Parfois, en lisant Cortázar, on sent sa présence tacite dans l’histoire ou dans les
poèmes. Y a-t-il des analogies entre Cortázar et certains de ses personnages ?
Sûrement… Les personnages ont toujours un peu ou beaucoup de soi-même, y compris
les aspects que les écrivains maintiennent cachés ou qui nous sont méconnus. C’est une
des raisons qui rend la littérature si riche et si infinie.
Vous avez parlé des amours « esthétiques » de Cortázar. Dans quelle mesure la
littérature contemporaine parie-t-elle sur ces « amours » ? À votre avis, quel est le
meilleur legs de l'auteur aux lettres qui lui succèderont ?
Les penchants esthétiques de Cortázar, en plus de littérature, étaient envers la musique,
les arts plastiques, le théâtre, le cinéma et d’autres, dont la boxe, comme une création
instantanée, fugace, de « figures », et il a voulu traduire chacun d'eux aux lettres, dans
un effort initial qui a laissé de nombreuses marques dans son œuvre.

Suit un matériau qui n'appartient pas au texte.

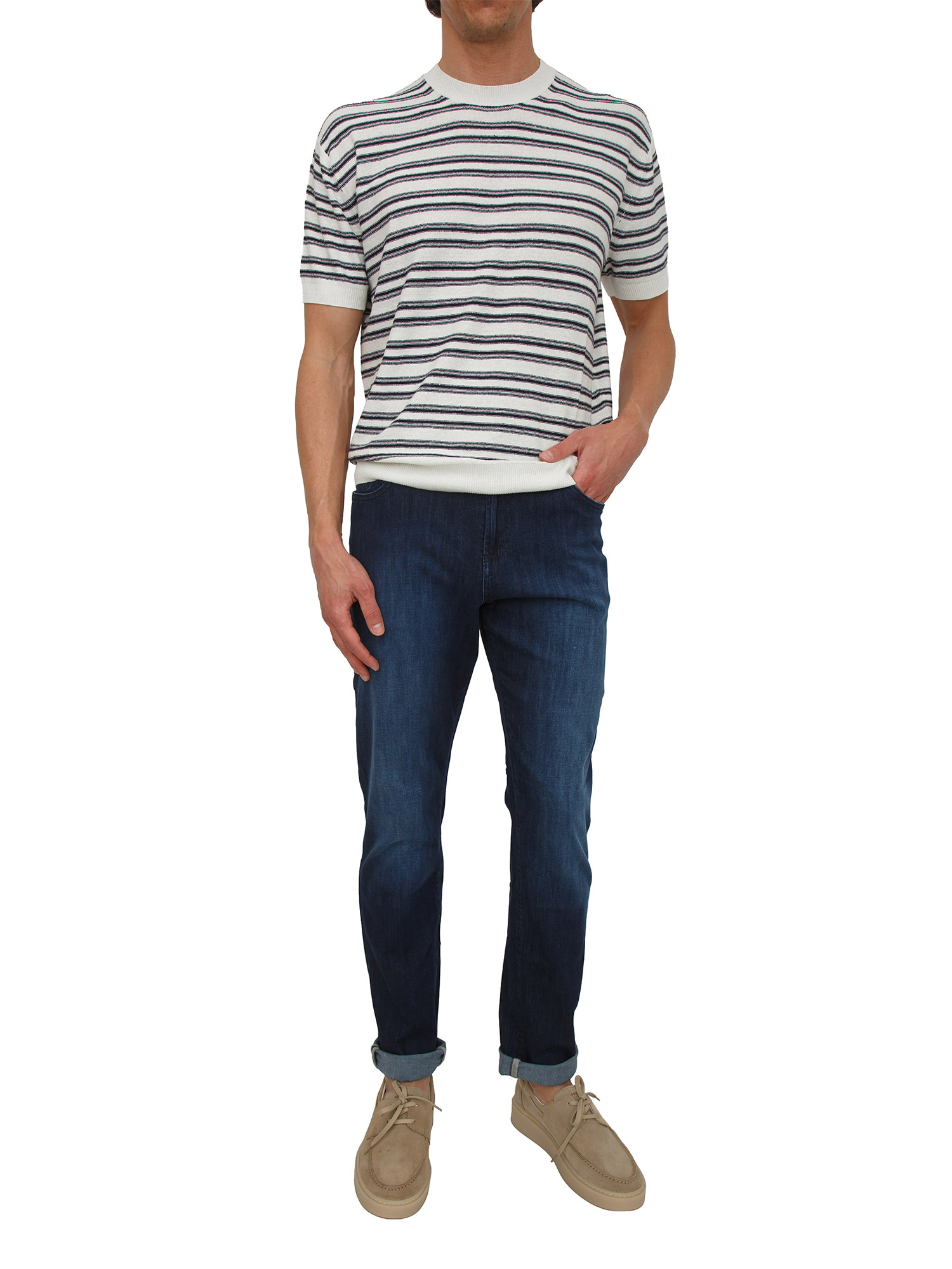 2. Jeans "Milano" Richard J. Brown realizzato in denim stretch di cotone e lino con vestibilità regular per l’uomo che desidera un look più tradizionale. Le rifiniture, come il punto a mano sulle tasche posteriori tono su tono e la salpa in pelle, ne esaltano il carattere rendendolo sofisticato e mai banale.

Il s'agit d'un legs. Un autre, peut-être le plus grand, est la perfection de ses courts récits,
la tentative de son grand Rayuela, la construction d'une poétique personnelle,
audacieuse, en avance.
Au cours de l'année on célèbre des actions de tous types sur diverses scènes du
monde pour honorer Cortázar à l’occasion du centenaire de sa naissance.
Lesquelles considérez-vous les plus utiles ?
Bien sûr, je ne devrais pas nommer ou choisir, car j’ai collaboré à l'organisation de
certaines d'entre elles. Mais j’attribue une importance particulière à la grande Rencontre
International qui nous célébrerons avec des écrivains et des critiques, étrangers et
nationaux, au mois d’août à Buenos Aires et qu’ouvrira votre bien-aimé poète et critique
Roberto Fernández Retamar.
Vous avez dit que sans Rayuela il aurait manqué un accent essentiel du
fondamental : la nouvelle vision du genre, la remise en cause du fait même de
raconter, le secouement du lecteur et, avec lui, la subversion des coutumes de la
consommation dans la lecture. À quoi attribuez-vous ce secouement que nous
provoque la lecture de Rayuela ?
C'est la première fois que l’on pose ces problèmes littéraires aux lecteurs latinoaméricains, avec un langage proche et par l’un des leurs.
Lire Cortázar, surtout Rayuela, est un défi pour les lecteurs…
-Eh bien, si vous et les autres lecteurs le sentent ainsi, le but de Cortázar en écrivant ce
roman a été atteint…
Pour Mario Goloboff, Cortázar est « un écrivain du XXIe siècle, qui met la
littérature dans le centre, comme la cime de son champ ardent ». Malgré la crise
des lecteurs dans ce siècle (je me réfère à la concurrence avec d'autres médias, à la
dynamique de la vie qui relègue souvent le livre), Julio Cortázar continuera-t-il à
être un favori dans le monde des lettres ?
La phrase, que j’ai repris, que les surréalistes ont propagé, est de Guillaume Apollinaire,
et il me semble pertinent de l’appliquer à Cortázar, qui a tant partagé avec eux. C’est
peut-être pour cette raison, peut-être parce qu'il a laissé des contes magnifiques, dignes
des meilleures anthologies, peut-être par sa présence (qui est encore profonde et proche
chez les jeunes), qu’il continuera et, peut-être, qu’il se perpétuera dans le temps comme
un favori dans la littérature et la culture d’Amérique Latine.